*** Opening of Material provided ***

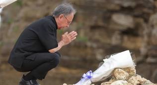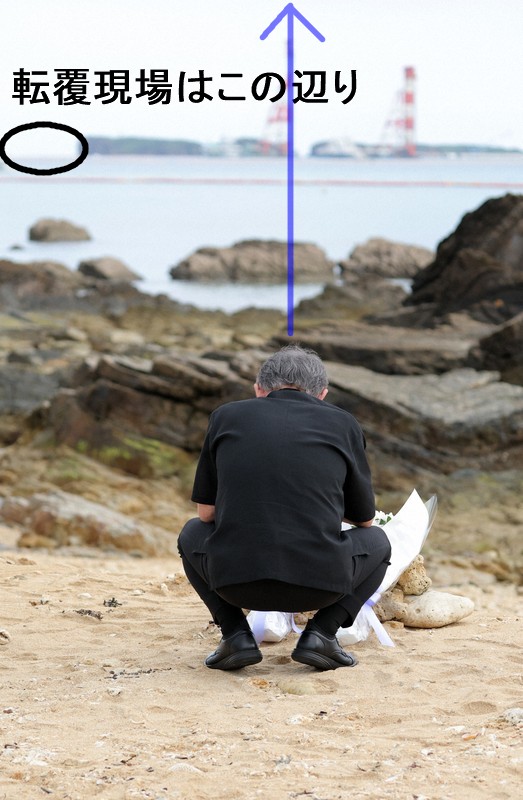 デニー時が献花した方向も転覆事件現場を向いてません
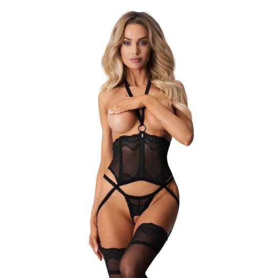 - gorset i otwarte stringi w czarnym kolorze
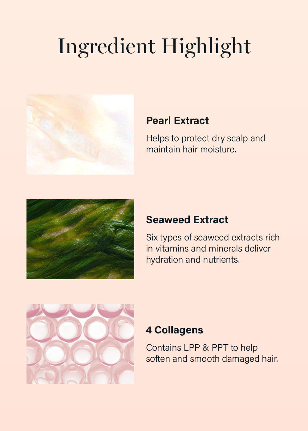 Experience instant hydration and repair with this no-rinse treatment, expertly formulated to nourish all hair types. Infused with Marine Collagen, Himalayan Pink Salt, and a potent Seaweed Complex, this lightweight yet powerful formula deeply penetrates to strengthen damaged strands from within. It smooths frizz, restores elasticity, and enhances natural shine without weighing hair down.
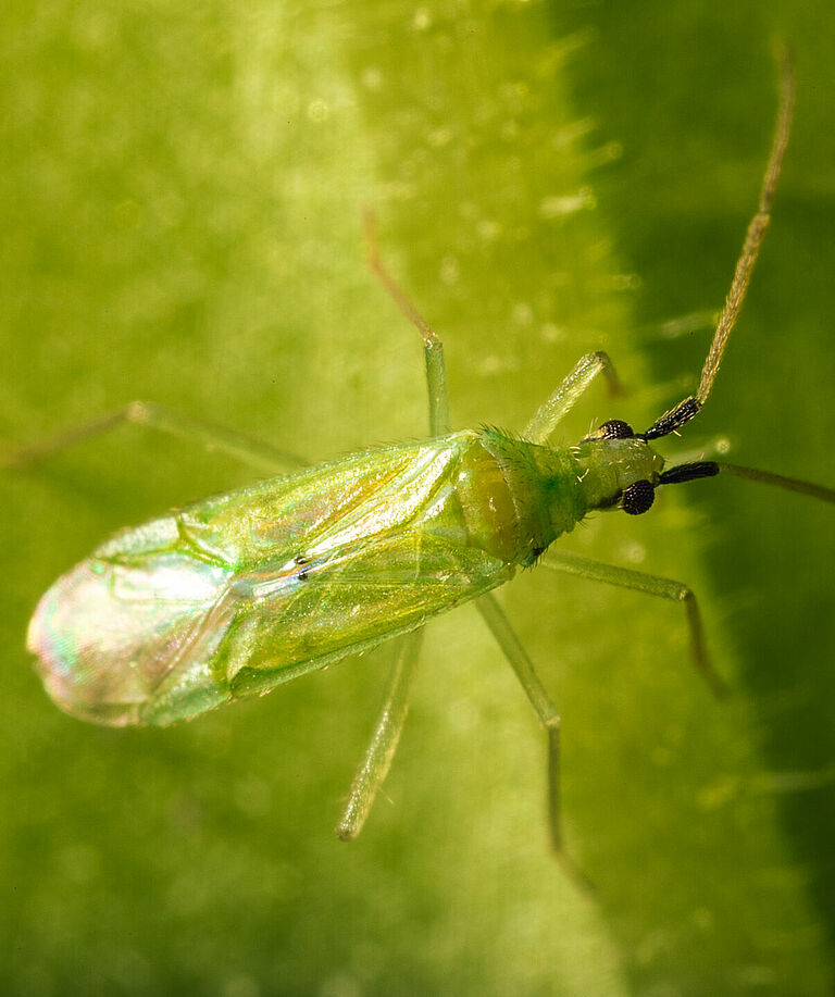 The life cycle of Macrolophus pygmaeus consists of an egg stage, five nymphal instars and the adult insect. Adult females are 3.0-3.6 mm long and the males between 2.9-3.1 mm. They are slender with long legs and antennae. The bugs are green except for occasional small black markings: the first antennal segment is black, and a black stripe runs behind the eyes. The first part of the forewings is a transparent, soft green with a small black spot in the middle. The hind part is colourless with a vague brown marking. Macrolophus pygmaeus has large brown, hemispherical compound eyes that are clearly visible on the sides of the head. The bug has piercing-sucking mouthparts. Females have a large, rounded abdomen within which the ovipositor is visible. Males are somewhat smaller than females and have a thin abdomen.
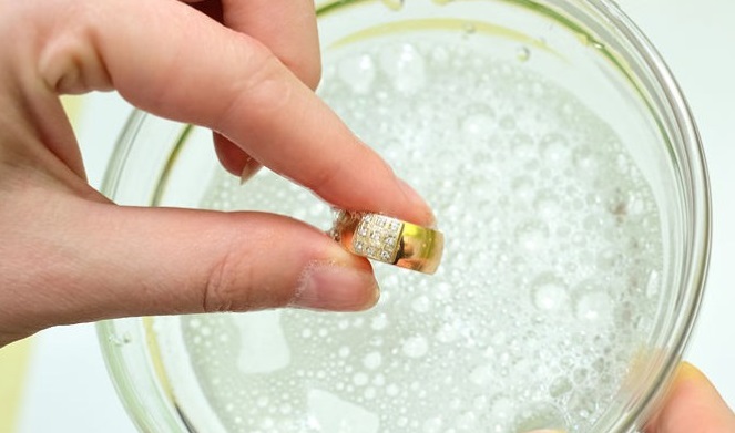 Gold rings with a diamond face must be protected from the effects of chemistry, including home-based detergents, washing powders, etc. During physical work, the product is best removed in order to protect it from scratches and deformations. If the ring is faded, then the gloss will return to it a soap solution with a few drops of ammonia. It is necessary to rinse it in this solution, then rinse with water.
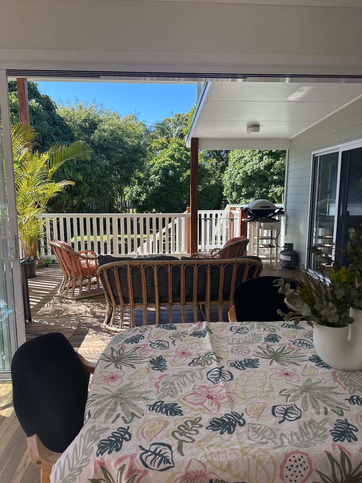 Relax in comfort of this well maintained modern accommodation located in the picturesque setting of the Glasshouse Mountains. Your accommodation is attached but separate from the main house with your own private garden,outdoor area to enjoy after a day of exploring. Discover this beautiful area with our Hinterland, Mountain & Rainforest walks, National Parks, Australia Zoo, Big Kart track all on your doorstep. If it’s a day at the beach you’re after it’s only a 30 minute drive..win win!
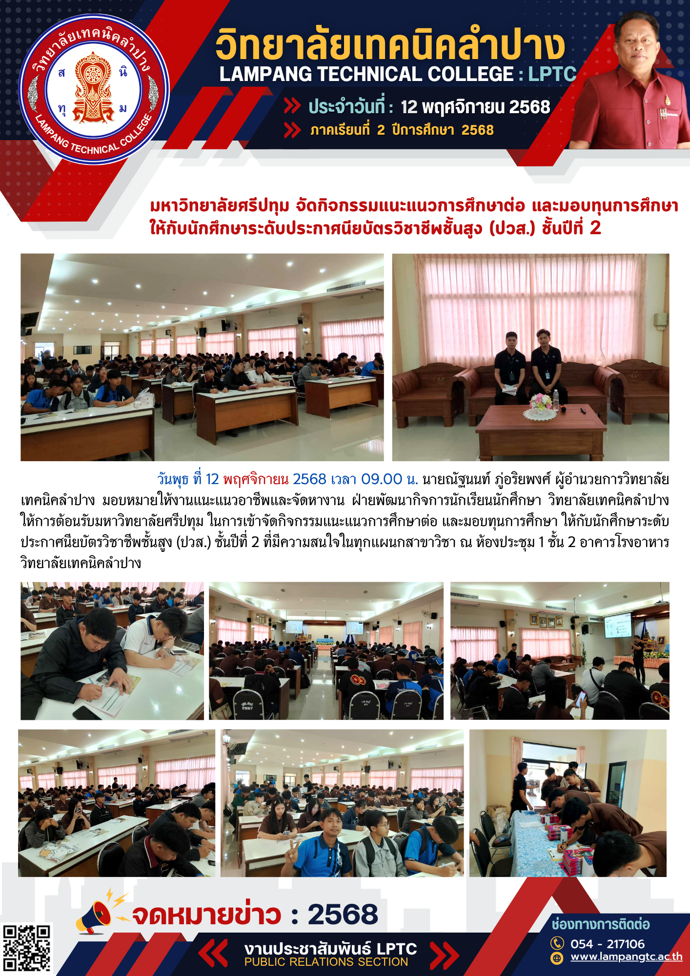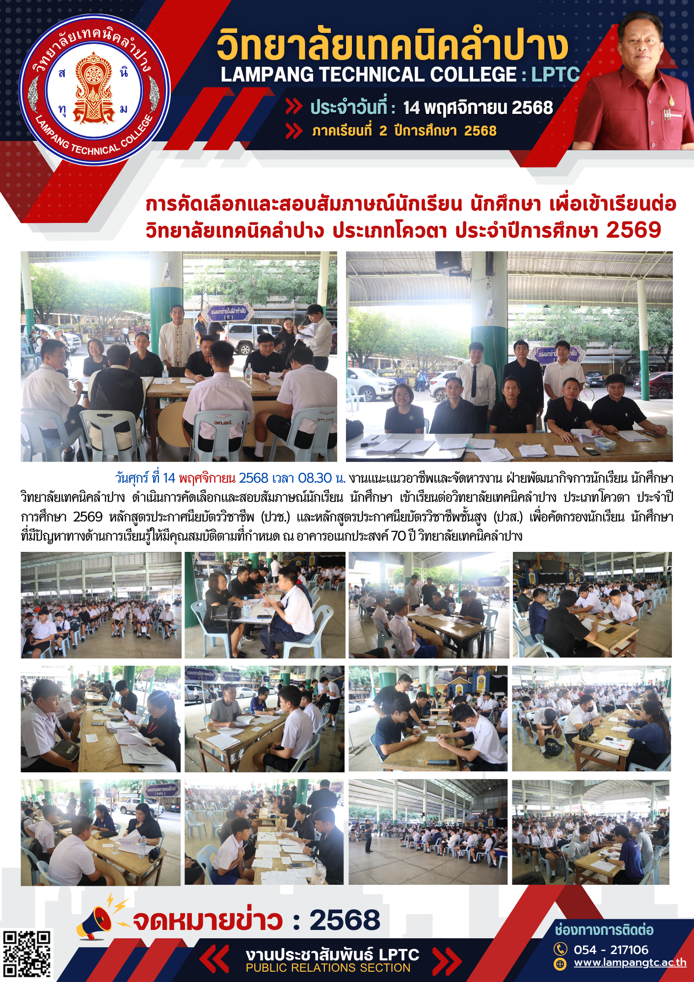 การคัดเลือกและสอบสัมภาษณ์นักเรียน นักศึกษา เพื่อเข้าเรียนต่อวิทยาลัยเทคนิคลำปาง ประเภทโควตา ประจำปีการศึกษา 2569
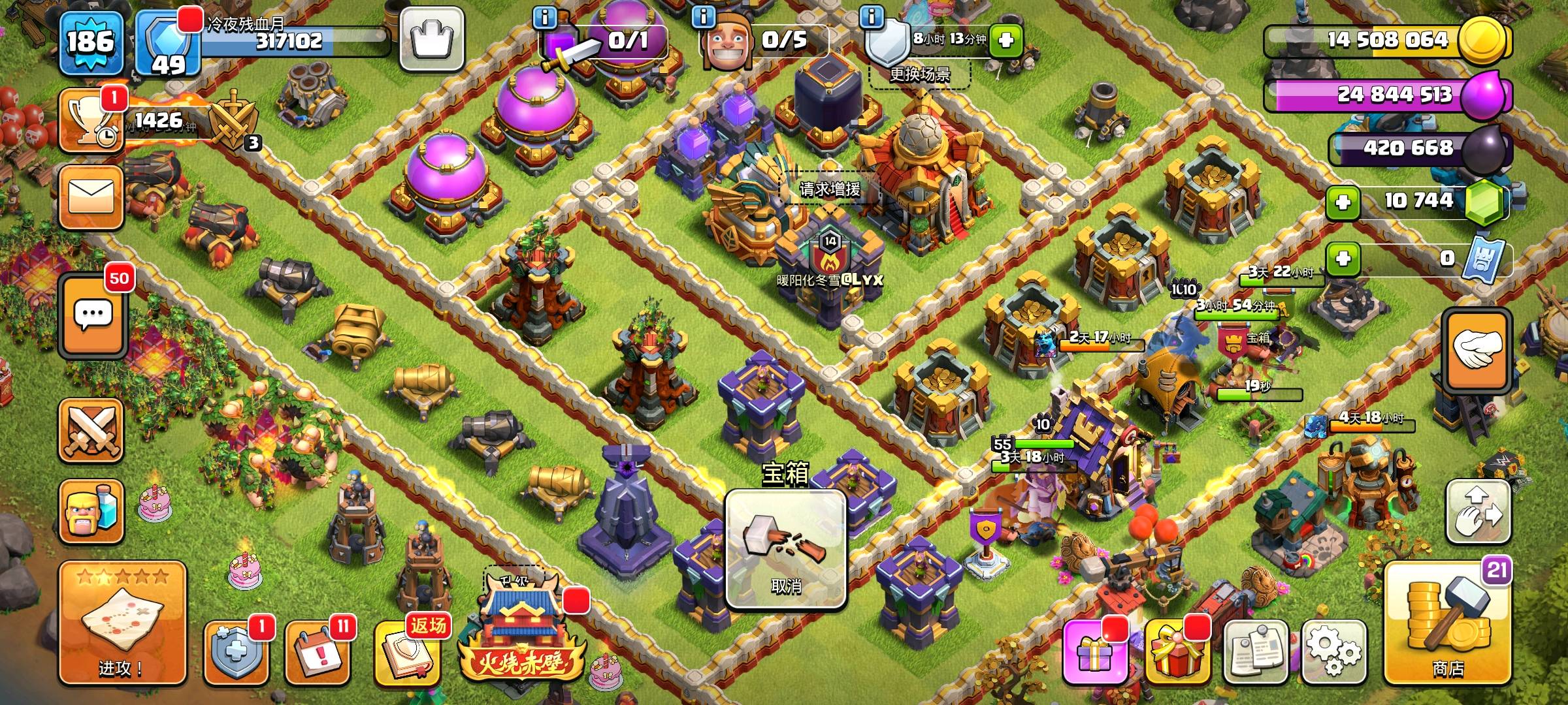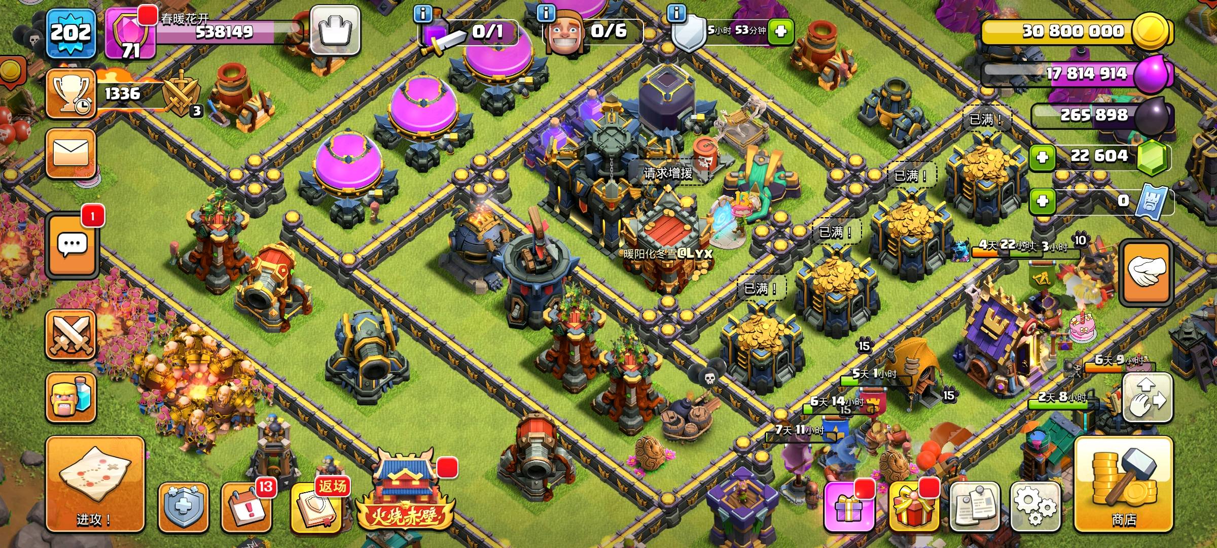 [代售]【部落冲突17本顶配账号“回眸一笑百媚生”出售】 17级大本营满配战力!蛮王71、女王72、飞盾战神72、咏王64、战神31,多只战宠高等级强力助阵;魔法物品库存豪华:部队之书1、法术之书1、升墙戒指25等多款道具强力加持发育。 大本营皮肤“大闹天宫·灵霄仙阙”国风拉满,英雄皮肤

*** Close of Material provided ***

**Exercise prompt**
Repeat the records above exactly, from the first line through the line that contains "- gorset i otwarte stringi w czarnym kolorze", and leave out the pictures.

**Answer box**
 デニー時が献花した方向も転覆事件現場を向いてません
 - gorset i otwarte stringi w czarnym kolorze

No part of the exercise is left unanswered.